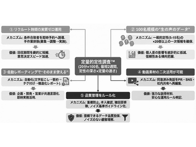 定性の“深さ”と定量の“速さ”を両立。リクルート工程大幅削減の予約導線と自動要約で、新商品企画・定量補完・社内合意形成を支援
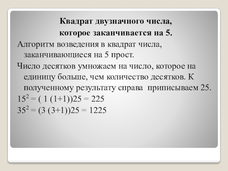 Число десятков умножаем на число, которое на единицу больше, чем количество десятков. К полученному результату справа приписываем 25.
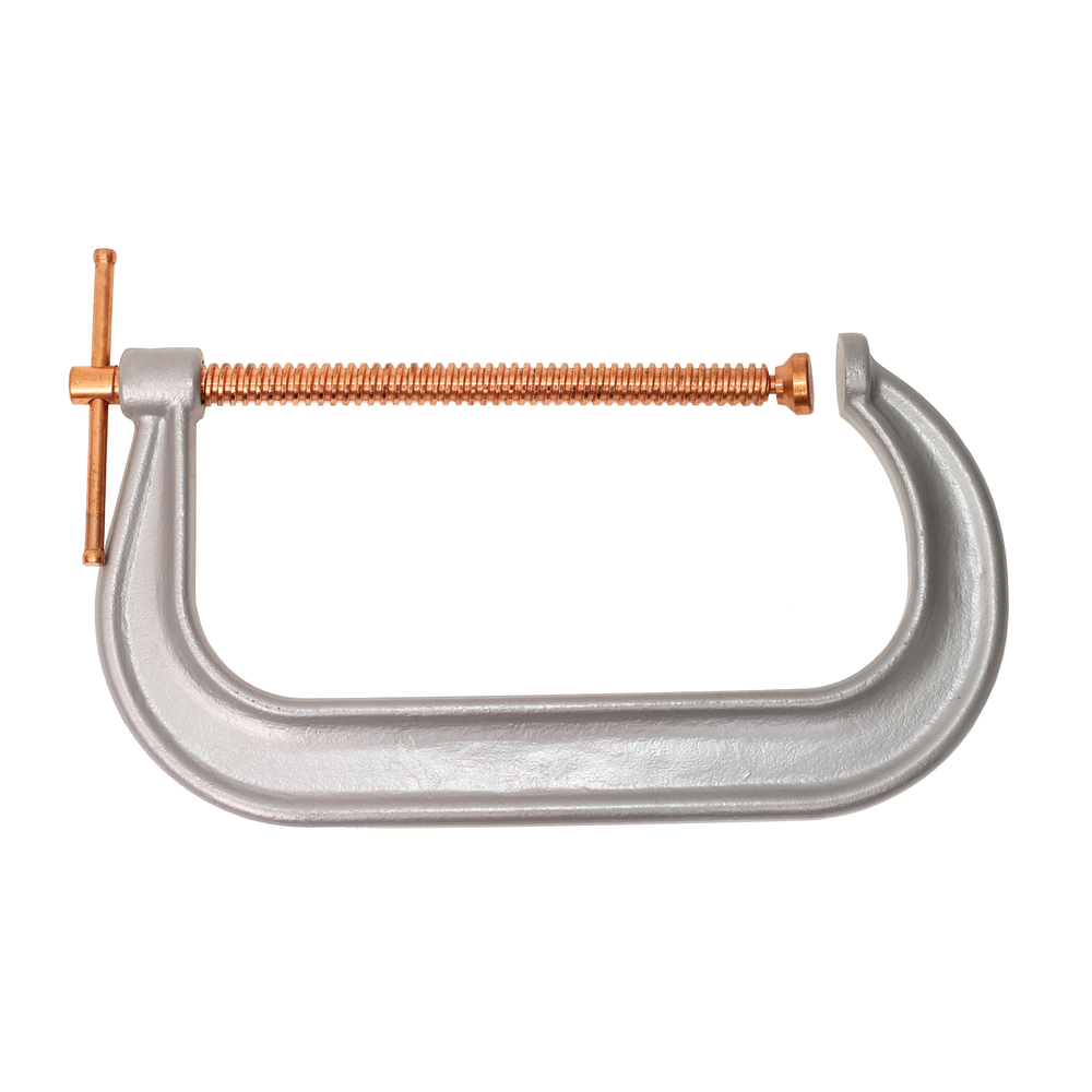 This heavy-duty C-clamp features a rugged malleable iron frame with reinforced corners for maximum durability. The precision-machined screw is heat treated to ensure high performance and longevity. Designed specifically for the welding industry, it includes a copper-plated spindle, swivel pad, and sliding-pin handle to resist spatter. This tool is ideal for professional welding, shop work, and home use.
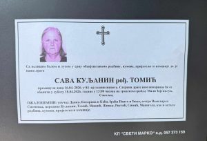 Ин Мемориам – Сава Куљанин рођ. Томић admin 2 сата ago Ин Мемориам Leave a comment 177 Views Share Facebook Twitter Google + Stumbleupon LinkedIn Pinterest
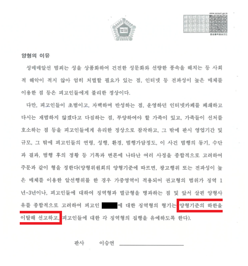 이를 토대로 저는 ① A, B씨는 자신들의 잘못을 모두 인정하고 깊이 반성하고 있다는 점, ② A, B씨는 인터넷 카페를 폐쇄하는 등 다시는 같은 잘못을 저지르지 않겠다고 굳게 다짐하고 있다는 점, ③ A, B씨는 초범이라는 점, ④ A, B씨는 부양할 가족이 있고, 주변 사람들이 선처를 호소하고 있다는 점, ⑤ 영업의 기간과 규모가 그리 크지 않다는 점 등을 재판부에 적극적으로 어필하면서 "비록 A, B씨가 광고 또는 전파성이 높은 매체를 이용한 알선행위를 하여 양형위원회가 정한 양형기준에 따라 가중영역이 적용된다고 하더라도, A, B씨의 양형사유들을 참작하여 이번에 한하여 마지막으로 최대한의 관대한 판결을 부탁드린다"라는 내용의 변론요지서를 작성하여 제출한 뒤 최선을 다하여 변론하였습니다.
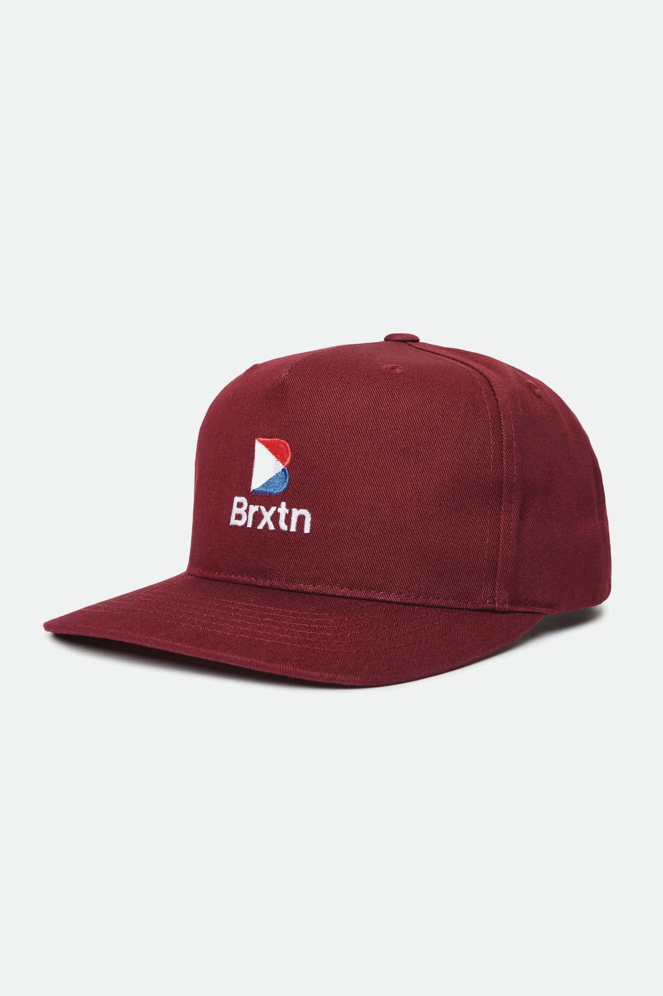 The men's unisex, Stowell II MP, is a five-panel 110C cut-and-sew cotton twill snapback hat featuring a direct embroidery on front and back and a plastic snap. Color: Maroon.
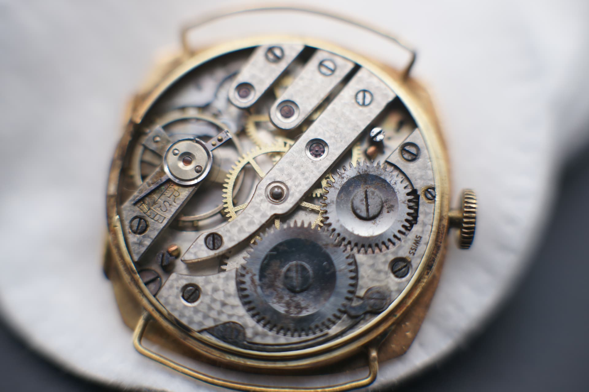 Het uurwerk wordt gedemonteerd, alle onderdelen gereinigd en gecontroleerd, om vervolgens teruggebouwd te worden met olie op de juiste onderdelen. Afstellen volgt daarna.
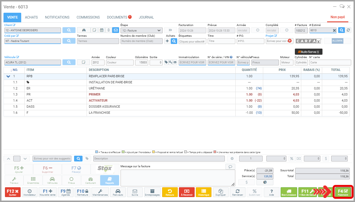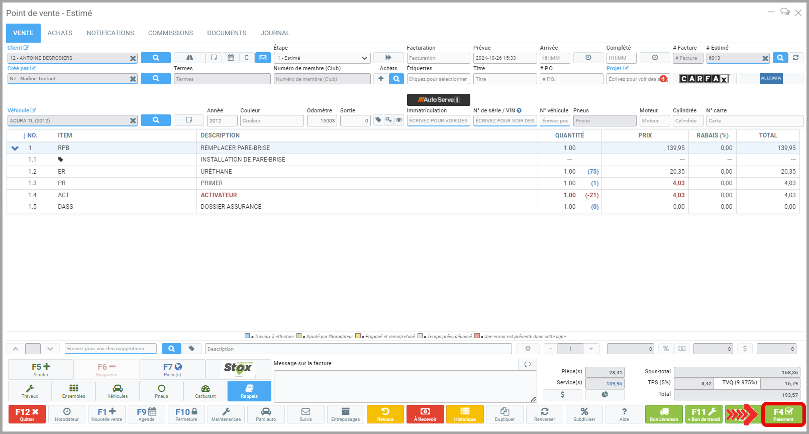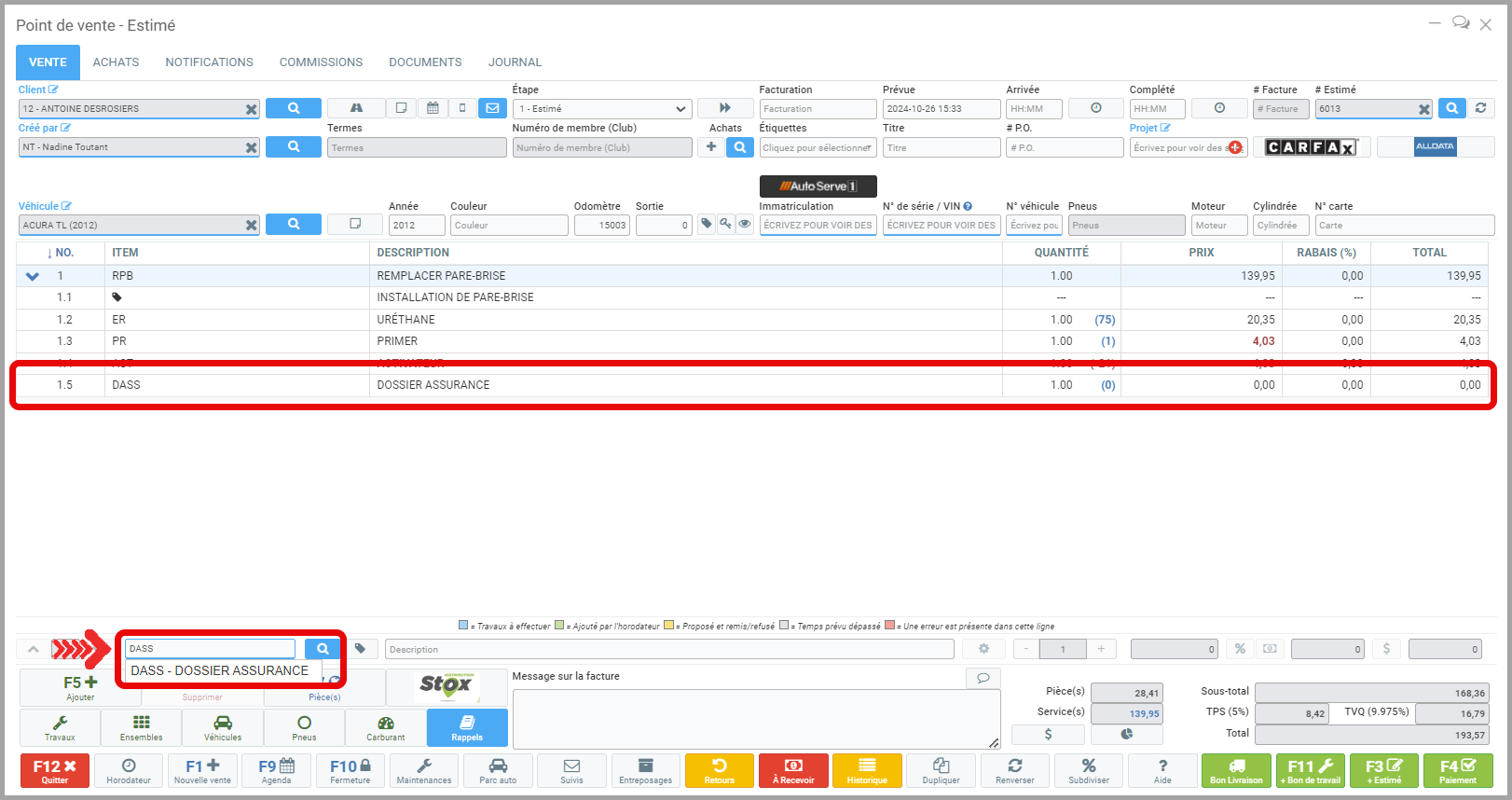 À partir du Point de Vente, complétez l'estimé avec les travaux et pièces requis pour la réparation.

ABOUT THIS EXERCISE:
Write out every line above exactly, minus images.

ANSWER BOX:
 定性の“深さ”と定量の“速さ”を両立。リクルート工程大幅削減の予約導線と自動要約で、新商品企画・定量補完・社内合意形成を支援
 Число десятков умножаем на число, которое на единицу больше, чем количество десятков. К полученному результату справа приписываем 25.
 This heavy-duty C-clamp features a rugged malleable iron frame with reinforced corners for maximum durability. The precision-machined screw is heat treated to ensure high performance and longevity. Designed specifically for the welding industry, it includes a copper-plated spindle, swivel pad, and sliding-pin handle to resist spatter. This tool is ideal for professional welding, shop work, and home use.
 Ин Мемориам – Сава Куљанин рођ. Томић admin 2 сата ago Ин Мемориам Leave a comment 177 Views Share Facebook Twitter Google + Stumbleupon LinkedIn Pinterest
 이를 토대로 저는 ① A, B씨는 자신들의 잘못을 모두 인정하고 깊이 반성하고 있다는 점, ② A, B씨는 인터넷 카페를 폐쇄하는 등 다시는 같은 잘못을 저지르지 않겠다고 굳게 다짐하고 있다는 점, ③ A, B씨는 초범이라는 점, ④ A, B씨는 부양할 가족이 있고, 주변 사람들이 선처를 호소하고 있다는 점, ⑤ 영업의 기간과 규모가 그리 크지 않다는 점 등을 재판부에 적극적으로 어필하면서 "비록 A, B씨가 광고 또는 전파성이 높은 매체를 이용한 알선행위를 하여 양형위원회가 정한 양형기준에 따라 가중영역이 적용된다고 하더라도, A, B씨의 양형사유들을 참작하여 이번에 한하여 마지막으로 최대한의 관대한 판결을 부탁드린다"라는 내용의 변론요지서를 작성하여 제출한 뒤 최선을 다하여 변론하였습니다.
 The men's unisex, Stowell II MP, is a five-panel 110C cut-and-sew cotton twill snapback hat featuring a direct embroidery on front and back and a plastic snap. Color: Maroon.
 Het uurwerk wordt gedemonteerd, alle onderdelen gereinigd en gecontroleerd, om vervolgens teruggebouwd te worden met olie op de juiste onderdelen. Afstellen volgt daarna.
 À partir du Point de Vente, complétez l'estimé avec les travaux et pièces requis pour la réparation.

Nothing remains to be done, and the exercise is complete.